Thread Starter
Sim2K
(@sim2k)
Does anyone know the answer to any of these? I might just try them all out but I don’t want to break anything.
Plugin Author
senols
(@senols)
Hello @sim2k,
Thank you for your feedback on the plugin, I’m glad to hear that you like it 🙂
Regarding your questions,
Our plugin uses the text-embedding-ada-002 model for embeddings, which has a maximum token limit of 8191 according to OpenAI documentation. Assuming 750 words are around 1k tokens, the maximum number of words should be around 5-6k. However, I haven’t tested this, so it may vary. I suggest embedding data in splits instead of as huge chunks.
If you are using embeddings, then all data goes to Pinecone because embeddings only work with a vector database, and we use Pinecone as an external long-term memory for the bot. When you use free text, it simply adds whatever you put. When you use FAQs, our plugin appends “Question” to the beginning of the question and “Answer” to the beginning of the answer. When you use the knowledge base builder, it appends the topic and description. This is just for the purpose of making it easy for users not to type those things.
Currently, separate bot creation for each page is not supported, but I’m working on it. However, if you are going to use embeddings or an excerpt for the context, then I don’t see the need to create separate bots for each page.
You can create a single index, and the bot will answer relevant to the question. There is no need for creating different collections or indexes.
Thread Starter
Sim2K
(@sim2k)
So I got some data into Pinecone, and one embedding was 6500 words (38,709 char). That went in OK but when ever I asked a question based on an answer in that embedding, I got this response…
“This model's maximum context length is 4096 tokens. However, your messages resulted in 5941 tokens.
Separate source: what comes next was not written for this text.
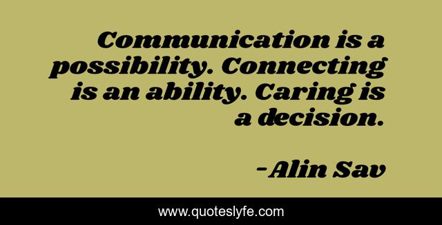 This page presents the quote "Communication is a possibility. Connecting is an ability. Caring is a decision.". Author of this quote is Alin Sav. .
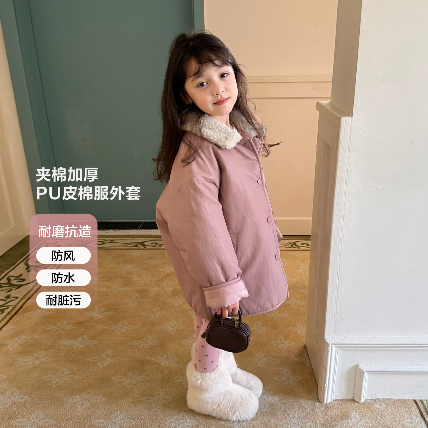 NECOYEP美式 复古毛绒连帽棉衣男女秋冬宽松休闲百搭保暖中长外套

Please reduce the length of the messages.”
Thread Starter
Sim2K
(@sim2k)
Other responses against smaller embeddings brought back data ok.
Maybe I need to really break it down into chunks as I’m sure a response of 4096 tokens is going to be expensive even if I do get a proper response.
I wonder if I can just get a response by itself, no embedding+completion, just completion, would that help?
yeh – the problem is after you get the embedding search result from pine cone, you add the orginal text into your current prompt, that has a lesser token limit (4096 tokens or 16000 characters ) .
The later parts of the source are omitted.